Training has been done by driving the car:
- In the Center lane
- Recovering from Left & Right sides of the road
- Clockwise and Anticlockwise driving on the track
- Driving the car on a different track
- Capturing more data on turns
For details about how I created the training data, see the next section.
The strategy while designing the model was to create a complex enough model that can learn the behavior of our training data and drive the car autonomously on the simulator.
Decided to use a convolution neural network model similar to the Nvidia's architecture. I thought this model might be appropriate because it's also based on similar problem and it actually worked pretty well.
First step was to build a training data. For this, I used the simulator provided by Udacity. I captured 90000+ images(center+left+right camera). The simulator creates a log file which includes left, center, right camera image, steering angle, speed etc.
I decided to use all the images as my training features and steering angle as the output. This lead the model to solve a regression problem for predicting the steering angle.

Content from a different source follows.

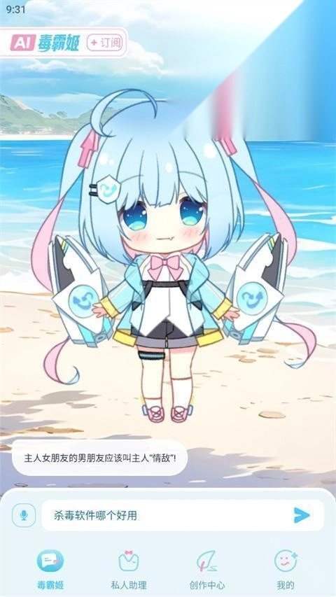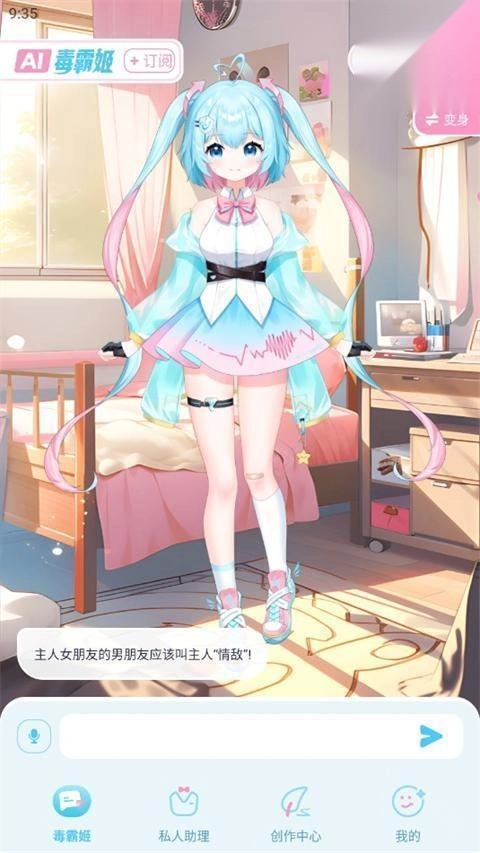 4、首页第一个角色就是毒霸姬,点击进去后,选择变身或者更换背景,也可以在输入框中输入内容进行互动。

Used the training data to train my CNN.
The final step was to run the simulator to see how well the car was driving around track one. There were a few spots where the vehicle fell off the track and in water. To improve the driving behavior in these cases, I trained a bit extra on turns and added the dropout layer. This gave pretty good results(as per my expectation after 7th try). ๐
At the end of the process, the vehicle is able to drive autonomously around the track without leaving the road.
The final model architecture consisted of a convolution neural network with the following layers and layer sizes:
Layer | Description |
---|---|
Input | 160x320x3 RGB image |
Cropping2D | Cropping layer to crop the images |
Lambda Layer | Normalization of pixel values using Lambda layer |
Convolution2D | 24 filters of 5x 5 dimension, 2x2 stride values with activation function as ReLu |
Convolution2D | 36 filters of 5x 5 dimension, 2x2 stride values with activation function as ReLu |
Convolution2D | 48 filters of 5x 5 dimension, 2x2 stride values with activation function as ReLu |
Convolution2D | 64 filters of 3x3 dimension with default stride val and ReLu activation |
Convolution2D | 88 filters of 3x3 dimension with default stride val and ReLu activation |
MaxPooling2D | MaxPooling layer to reduce the dimension i.e, over-fitting and increase depth of Network |
Flatten | The final outputs from the above mentioned network is flattened to make a 1D matrix. |
Dense | Fully connected layer 320 output nodes |
Dropout | This helps to reduce probability of overfitting. Reduced 50% of nodes. |
Dense | Fully connected layer with 100 output nodes |
Dense | Fully connected layer with 50 output nodes |
Dense | Fully connected layer with 1 output node i.e, final steering angle. ๐ |
To capture good driving behavior, I first recorded two laps on track one using center lane driving. Here is an example image of center lane driving:
I then recorded the vehicle recovering from the left side and right sides of the road back to center so that the vehicle would learn to come back to the track:
Then I repeated this process on track two in order to get more data points.
To augment the data sat, I also flipped images and angles thinking that this would generalize the model. For example, here is an image that has then been flipped:
After the collection process, I had 91,491 images captured by camera. I then preprocessed augmented the data by flipping images. This created thrice of those data i.e, 274,473 data points.
I finally randomly shuffled the data set and put 20% of the data into a validation set.
I used this training data for training the model. The validation set helped determine if the model was over or under fitting. The ideal number of epochs was 3 as evidenced by viewing the losses. Even with 5 epochs it was fluctuating a bit. So, I reduced it to 3, so that the model's training'll take reasonable amount of tim. I used an adam optimizer so that manually training the learning rate wasn't necessary.